Johnny Summers

Personal information
- Full name: John Henry Summers
- Date of birth: 10 September 1927
- Place of birth: Hammersmith, England
- Date of death: 2 June 1962 (aged 34)
- Position: Forward

Youth career
- Fulham

Senior career*
- Years: Team / Apps / (Gls)
- 1949–1950: Fulham / 4 / (0)
- 1950–1954: Norwich City / 71 / (33)
- 1954–1956: Millwall / 91 / (41)
- 1956–1961: Charlton Athletic / 171 / (100)
- Total:  / 337 / (174)

= Johnny Summers (footballer) =

English footballer

Johnny Summers (10 September 1927 – 2 June 1962) was a football striker who scored 104 goals for Charlton Athletic.

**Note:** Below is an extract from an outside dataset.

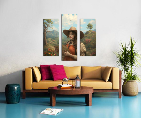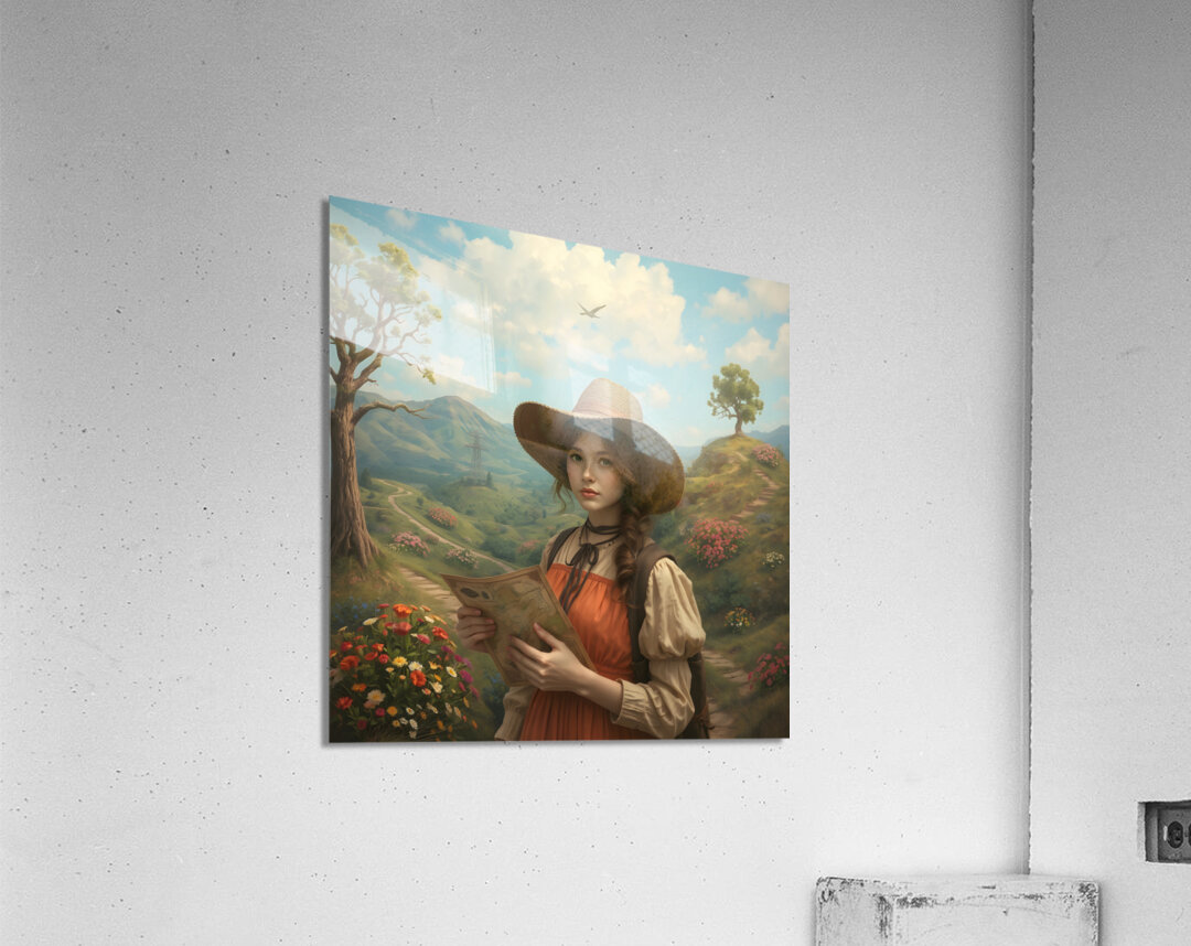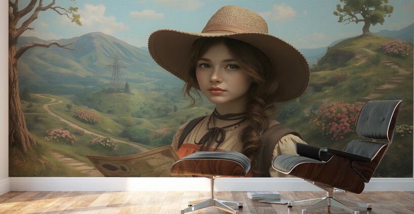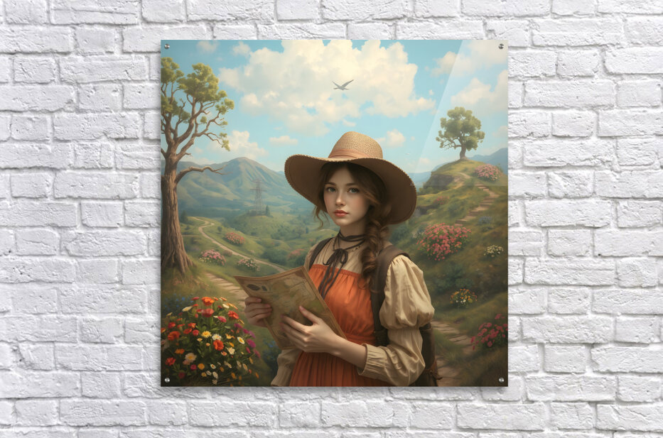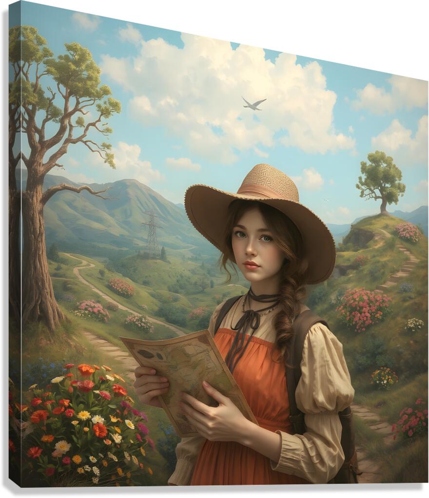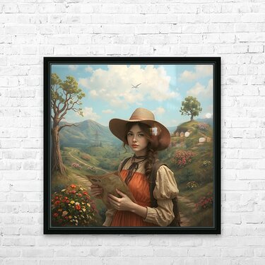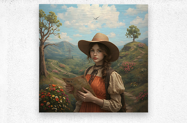 A ((( traveler))) from an ((antique land)) where the landscape exudes timeless charm, painted in a ((style that combines realism with a touch of whimsy)). The scene features ((intricate details of winding paths, adorned with colorful flowers and the occasional tree that stands out against the backdrop of the clear blue sky. Colors tend to be warm and inviting. The traveler's attire is in line with the rustic theme, with a ((vintage-inspired dress and hat)), and he or she is posed with a ((a map in hand)), making it clear they are on the road to discovery. The traveler's face has a serene expression and is framed by a ((simple yet elegant hairstyle) that complements the overall style of the painting(Copyright ISHISH 2025 All rights Reserved)

Summers engineered one of the most remarkable comebacks in football history; Charlton were 5–1 down against Huddersfield with half an hour to go with only 10 men; they won 7-6 in the Second Division at The Valley, 21 December 1957. Johnny scored five goals, set up two and scored a six-minute hat-trick. Summers later revealed that he changed his boots at half-time after his old pair had started falling apart.

Johnny Summers played for Norwich City, Fulham and Millwall, prior to his Charlton career. He made his debut for Millwall in 1954 in the opening match of the 1954–55 season, against Brighton and Hove Albion, in front of a 25,000 plus crowd at The Den. In a 2–0 win, he disappointed the fickle crowd and after a few weeks disappeared into the Reserves, surfacing again the following January, as a left winger. From that time, he never looked back, and was one of the most fearsome and lethal forwards seen at The Den in years. His transfer to Charlton Athletic, for their last season in the old First Division, was regretted by Millwall fans, but seen as inevitable.

He died at the age of 34 in 1962 of cancer.